Home Articles Strength Training Putting Together the Right Measures: How Much Weight Should a Person Lift?
Putting Together the Right Measures: How Much Weight Should a Person Lift?
Written by Matt Lindsay   
You are in the corner of the gym, minding your own business and doing your exercise routine.  From a far corner, you hear a loud grunt.  You look over to see the big guy bench lifting with several rounds, black weights on both sides of the bar.  Of course, he is the one that everyone wants to be like; right?  Not necessarily!  In fact, he may be doing the entire thing wrong.  If you want to make sure that you aren't in this same position, you will want to figure out exactly how much weight a person should lift.
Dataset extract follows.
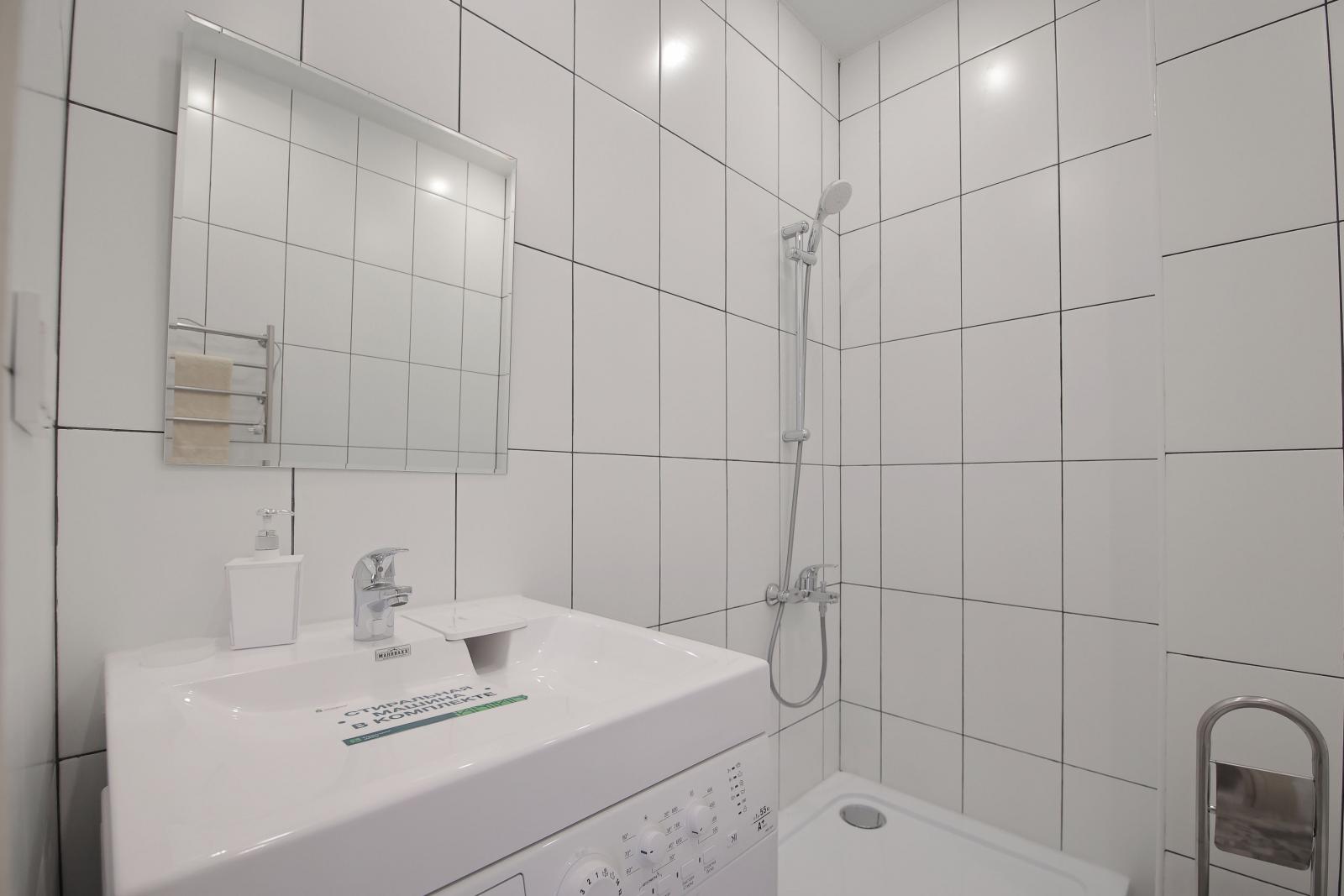 При покупке квартиры с отделкой «Всё включено» в комплекте идут кухонный гарнитур, оборудованный бесконтактной подсветкой – освещение включается благодаря датчику движения. В комплекте встроенная техника – варочная панель, духовой шкаф, посудомоечная машина (в трехкомнатной квартире). В ванной комнате уже установлена стиральная машина, сантехника и санфаянс.

Before deciding on how many weights to put on each end of the bar, you will want to assess what your goals are.  This will make a difference in how much you decide to lift with your daily routine.  If you want to loose weight and fat, there will be a different equation to follow.  The second goal that you may have might be to gain muscle size.  Depending on your desires, you will want to make sure you pick the right calculations.

No matter what your goals, the most important thing to keep in mind with strength training and weight is that it is not the amount of weight you challenge yourself with.  This is only a small addition to what you are doing.  More importantly is the resistance that comes from the weight.  Even if you decide to lift a bar bell with no weights, it can be effective.  As long as you feel some resistance, you are working your muscles effectively.

Beyond this, you can focus on your goals for weight lifting.  You can determine how much weight a person should lift by using specific formulas.  For weight loss, you want to keep a weight that is 40% to 60% of your reps.  For example, if you can do leg presses at 100 pounds, you will want a weight loss program that does 40 or 60 pounds each time you work on this machine.

Not only will you want to calculate this, but you will also want to keep track of how much you are lifting total.  Typically, you will want to do a series of either two or three sets.  Each set will include a number of how many times you lift the weights, known as a repetition, or rep.  An average for this is to lift 8-15 reps for two or three sets.  This is known as medium level weight lifting, and is best used for focus on weight loss.

If you are focusing on gaining muscle, you will simply increase these numbers.  Your weight should be at a 60-80% weight of your reps.  You will also want to do more repetitions and possibly more sets.  However, when you are doing this, make sure that you listen to what is best for your body and don't overwork any specific area.

The best way to make sure that you are lifting the right amount of weight is to make sure that your body isn't hurting.  You should become familiar with the different types of pain associated with strength training.  Some of it is because the muscles are being pushed into more strength.  However, too much weight can cause them to become fatigued and will cause other parts of your body to become fatigued.  It is always better to lift too little of the weight and work up to lifting more, instead of causing your muscles to be fatigued and injured.

Making sure that you lift the right amount of weight is a matter of knowing what your goals for strength training are and listening to your body to reach these goals.  By continuously working with weight training and making sure you know what your body needs, you will easily be able to achieve your strength training goals.